[WHAT TO DO]
Return the line containing "ポイント超超祭 春新作 麻ワンピース" and all lines after it exactly; stop at the end of the material.

=====

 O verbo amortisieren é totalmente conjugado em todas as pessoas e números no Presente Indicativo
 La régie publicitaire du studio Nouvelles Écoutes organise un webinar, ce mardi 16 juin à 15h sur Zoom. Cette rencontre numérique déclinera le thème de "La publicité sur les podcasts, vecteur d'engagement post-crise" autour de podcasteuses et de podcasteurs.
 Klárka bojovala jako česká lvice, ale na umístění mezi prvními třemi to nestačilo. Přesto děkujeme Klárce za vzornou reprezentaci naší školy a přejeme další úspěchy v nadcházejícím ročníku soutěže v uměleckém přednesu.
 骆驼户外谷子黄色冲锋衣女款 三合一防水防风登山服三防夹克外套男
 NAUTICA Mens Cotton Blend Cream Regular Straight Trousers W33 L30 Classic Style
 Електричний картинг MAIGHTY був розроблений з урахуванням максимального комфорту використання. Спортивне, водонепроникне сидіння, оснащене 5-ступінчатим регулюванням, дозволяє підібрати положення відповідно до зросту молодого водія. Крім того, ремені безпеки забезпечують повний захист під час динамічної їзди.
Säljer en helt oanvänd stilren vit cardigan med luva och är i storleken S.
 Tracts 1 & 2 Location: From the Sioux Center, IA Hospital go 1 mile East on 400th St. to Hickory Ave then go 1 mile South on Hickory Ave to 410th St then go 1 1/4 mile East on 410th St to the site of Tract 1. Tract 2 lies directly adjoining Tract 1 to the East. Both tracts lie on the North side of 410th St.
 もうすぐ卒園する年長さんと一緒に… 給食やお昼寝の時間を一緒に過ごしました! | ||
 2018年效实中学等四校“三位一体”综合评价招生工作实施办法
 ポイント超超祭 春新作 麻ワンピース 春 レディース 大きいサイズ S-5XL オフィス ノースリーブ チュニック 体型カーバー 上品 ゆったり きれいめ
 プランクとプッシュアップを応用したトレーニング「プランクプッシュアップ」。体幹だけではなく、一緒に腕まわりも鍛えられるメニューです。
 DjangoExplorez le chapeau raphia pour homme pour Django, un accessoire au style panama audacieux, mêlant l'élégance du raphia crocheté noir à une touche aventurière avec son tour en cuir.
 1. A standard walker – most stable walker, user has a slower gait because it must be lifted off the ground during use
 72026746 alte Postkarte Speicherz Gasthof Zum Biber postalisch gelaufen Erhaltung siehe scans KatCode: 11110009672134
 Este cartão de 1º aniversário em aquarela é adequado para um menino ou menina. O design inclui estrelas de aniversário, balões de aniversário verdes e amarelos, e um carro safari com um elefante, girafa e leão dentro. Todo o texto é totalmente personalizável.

=====

[TASK ANSWER]
 ポイント超超祭 春新作 麻ワンピース 春 レディース 大きいサイズ S-5XL オフィス ノースリーブ チュニック 体型カーバー 上品 ゆったり きれいめ
 プランクとプッシュアップを応用したトレーニング「プランクプッシュアップ」。体幹だけではなく、一緒に腕まわりも鍛えられるメニューです。
 DjangoExplorez le chapeau raphia pour homme pour Django, un accessoire au style panama audacieux, mêlant l'élégance du raphia crocheté noir à une touche aventurière avec son tour en cuir.
 1. A standard walker – most stable walker, user has a slower gait because it must be lifted off the ground during use
 72026746 alte Postkarte Speicherz Gasthof Zum Biber postalisch gelaufen Erhaltung siehe scans KatCode: 11110009672134
 Este cartão de 1º aniversário em aquarela é adequado para um menino ou menina. O design inclui estrelas de aniversário, balões de aniversário verdes e amarelos, e um carro safari com um elefante, girafa e leão dentro. Todo o texto é totalmente personalizável.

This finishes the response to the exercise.